**Instructions to follow**. The listing below is to be copied exactly, with pictures excluded.

◇ ◇ ◇ ◇

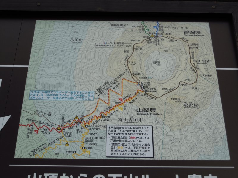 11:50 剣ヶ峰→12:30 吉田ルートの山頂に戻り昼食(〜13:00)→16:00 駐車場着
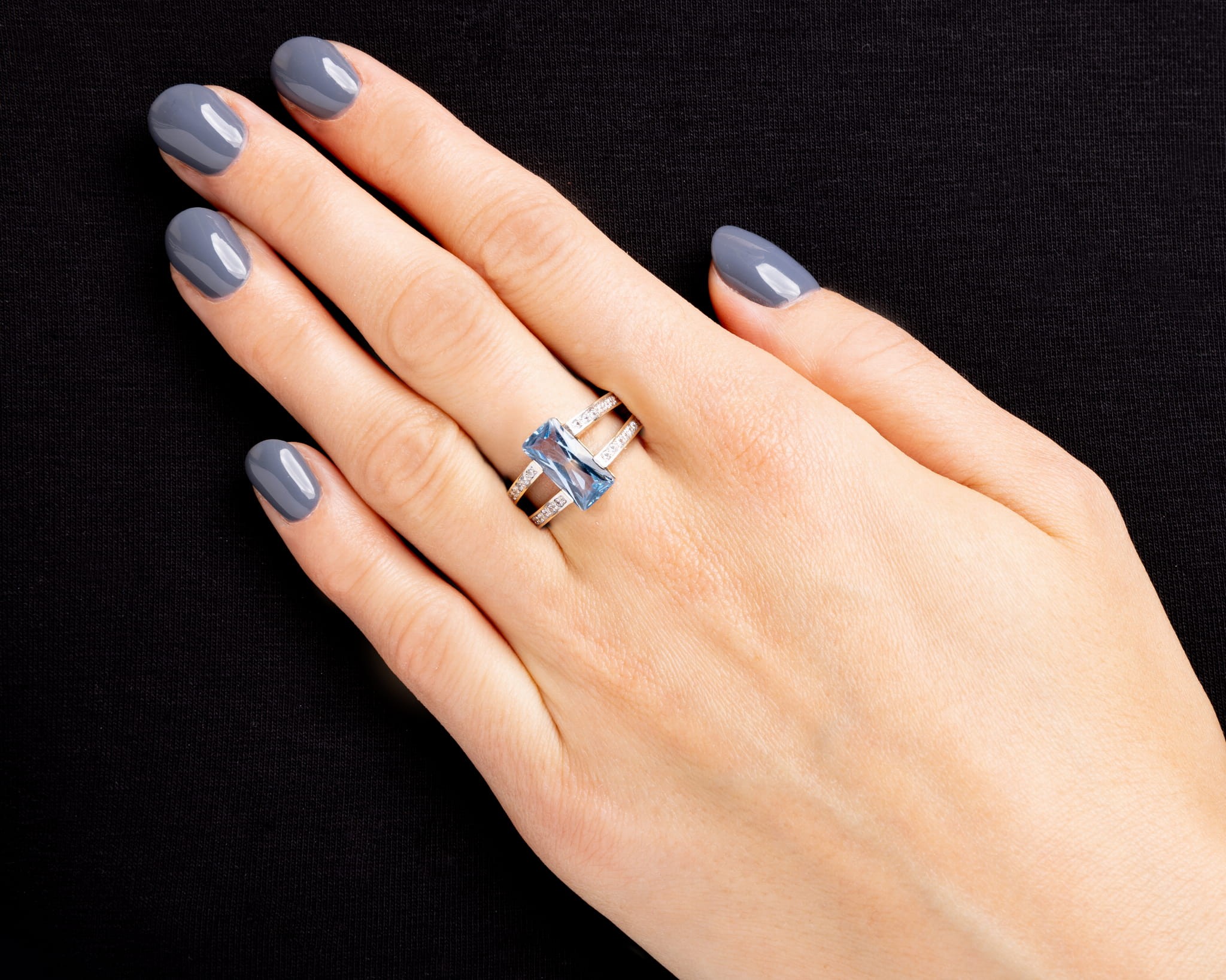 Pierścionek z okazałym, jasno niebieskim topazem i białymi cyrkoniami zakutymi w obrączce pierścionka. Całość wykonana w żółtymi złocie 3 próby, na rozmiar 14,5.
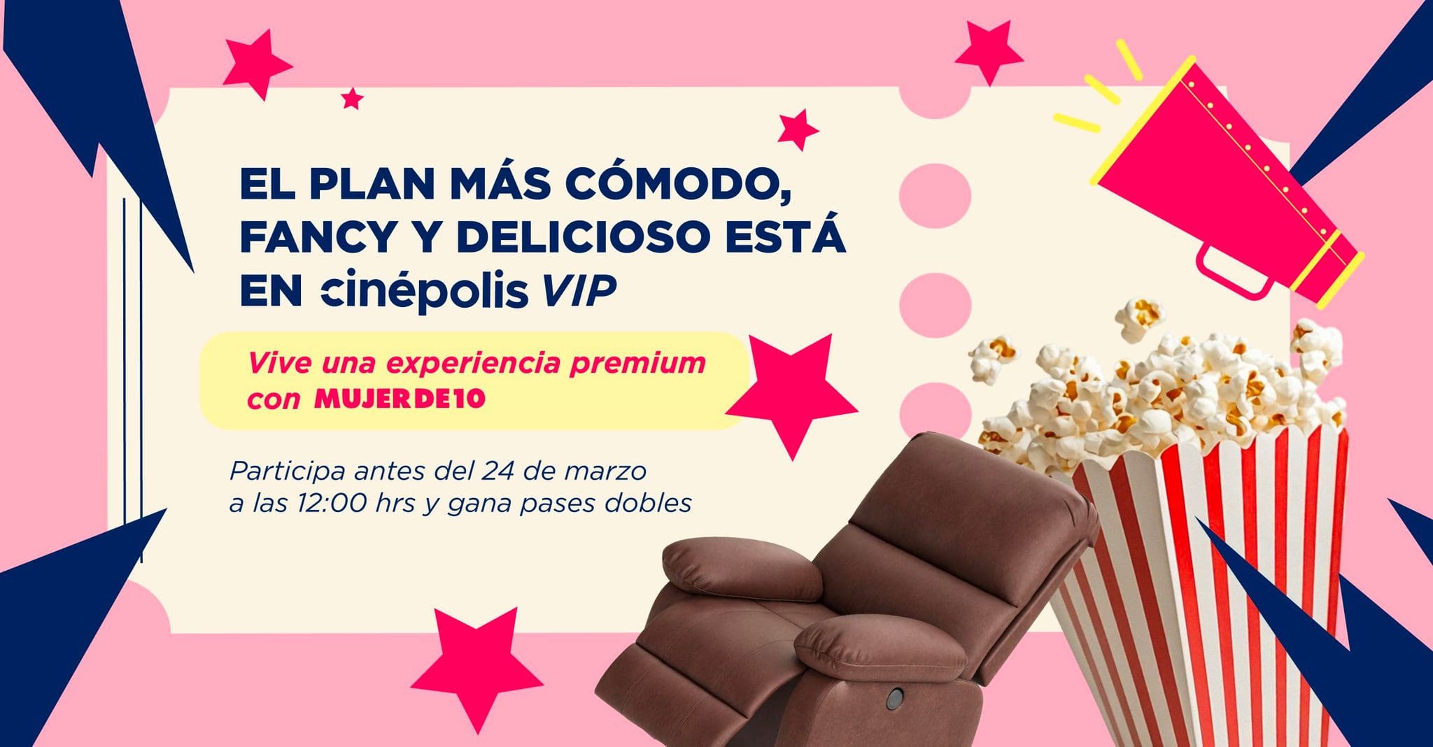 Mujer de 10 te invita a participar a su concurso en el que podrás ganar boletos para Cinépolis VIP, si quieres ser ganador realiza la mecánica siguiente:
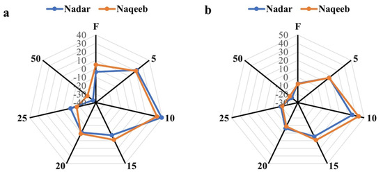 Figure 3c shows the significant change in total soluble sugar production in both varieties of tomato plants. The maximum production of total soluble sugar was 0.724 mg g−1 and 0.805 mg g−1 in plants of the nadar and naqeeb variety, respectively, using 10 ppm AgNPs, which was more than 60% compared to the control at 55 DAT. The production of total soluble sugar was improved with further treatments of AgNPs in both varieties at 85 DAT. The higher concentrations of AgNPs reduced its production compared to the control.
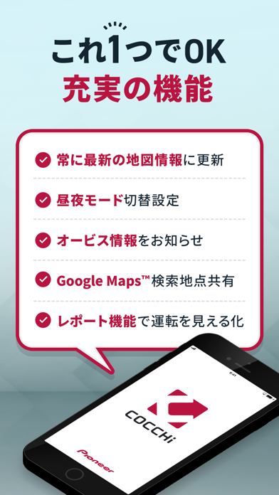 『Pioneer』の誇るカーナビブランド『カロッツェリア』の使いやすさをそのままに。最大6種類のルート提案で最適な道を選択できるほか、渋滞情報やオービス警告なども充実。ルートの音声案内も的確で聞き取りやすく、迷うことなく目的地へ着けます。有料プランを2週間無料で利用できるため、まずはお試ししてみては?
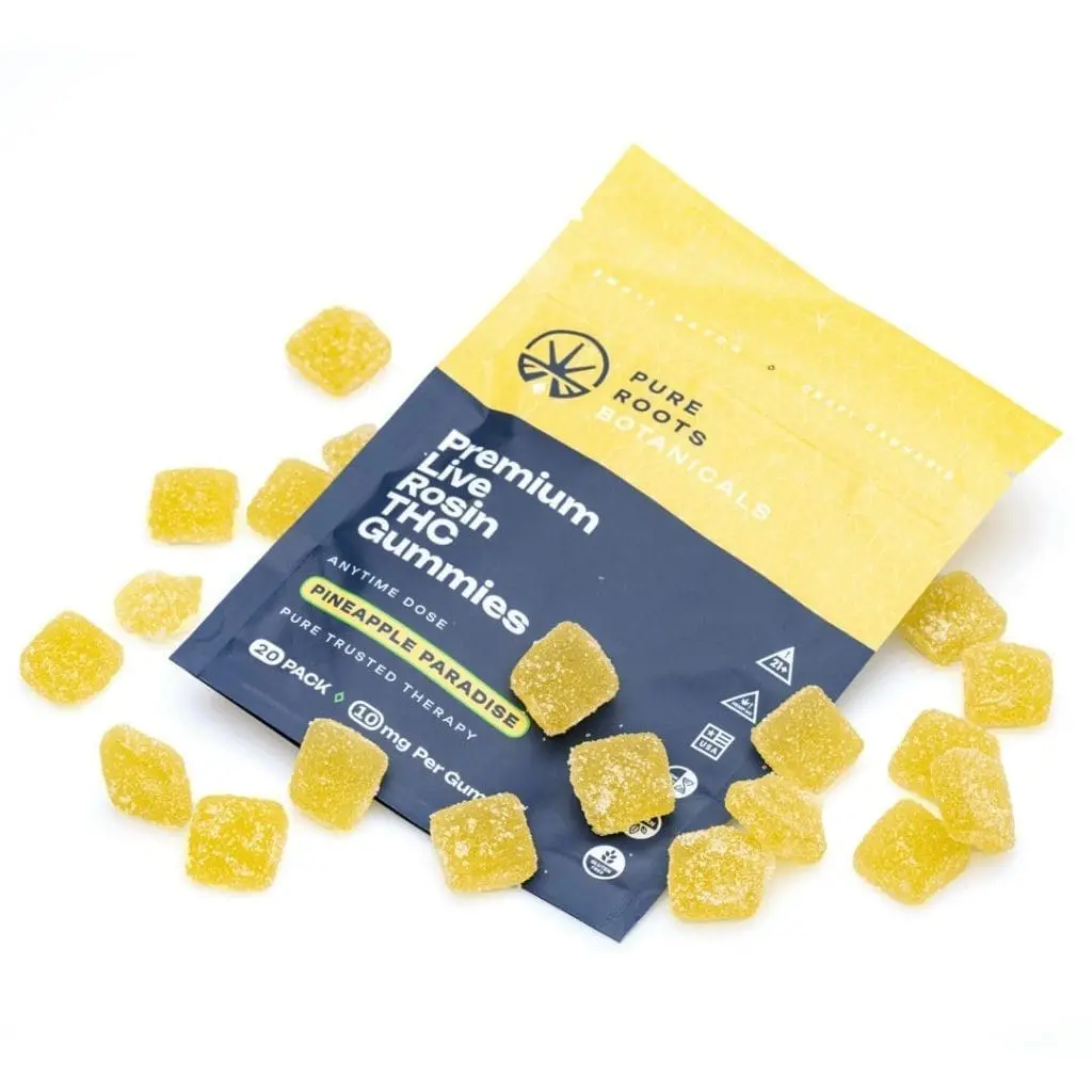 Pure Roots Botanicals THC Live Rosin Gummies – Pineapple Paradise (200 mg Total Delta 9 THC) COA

◇ ◇ ◇ ◇

**The answer**.
 11:50 剣ヶ峰→12:30 吉田ルートの山頂に戻り昼食(〜13:00)→16:00 駐車場着
 Pierścionek z okazałym, jasno niebieskim topazem i białymi cyrkoniami zakutymi w obrączce pierścionka. Całość wykonana w żółtymi złocie 3 próby, na rozmiar 14,5.
 Mujer de 10 te invita a participar a su concurso en el que podrás ganar boletos para Cinépolis VIP, si quieres ser ganador realiza la mecánica siguiente:
 Figure 3c shows the significant change in total soluble sugar production in both varieties of tomato plants. The maximum production of total soluble sugar was 0.724 mg g−1 and 0.805 mg g−1 in plants of the nadar and naqeeb variety, respectively, using 10 ppm AgNPs, which was more than 60% compared to the control at 55 DAT. The production of total soluble sugar was improved with further treatments of AgNPs in both varieties at 85 DAT. The higher concentrations of AgNPs reduced its production compared to the control.
 『Pioneer』の誇るカーナビブランド『カロッツェリア』の使いやすさをそのままに。最大6種類のルート提案で最適な道を選択できるほか、渋滞情報やオービス警告なども充実。ルートの音声案内も的確で聞き取りやすく、迷うことなく目的地へ着けます。有料プランを2週間無料で利用できるため、まずはお試ししてみては?
 Pure Roots Botanicals THC Live Rosin Gummies – Pineapple Paradise (200 mg Total Delta 9 THC) COA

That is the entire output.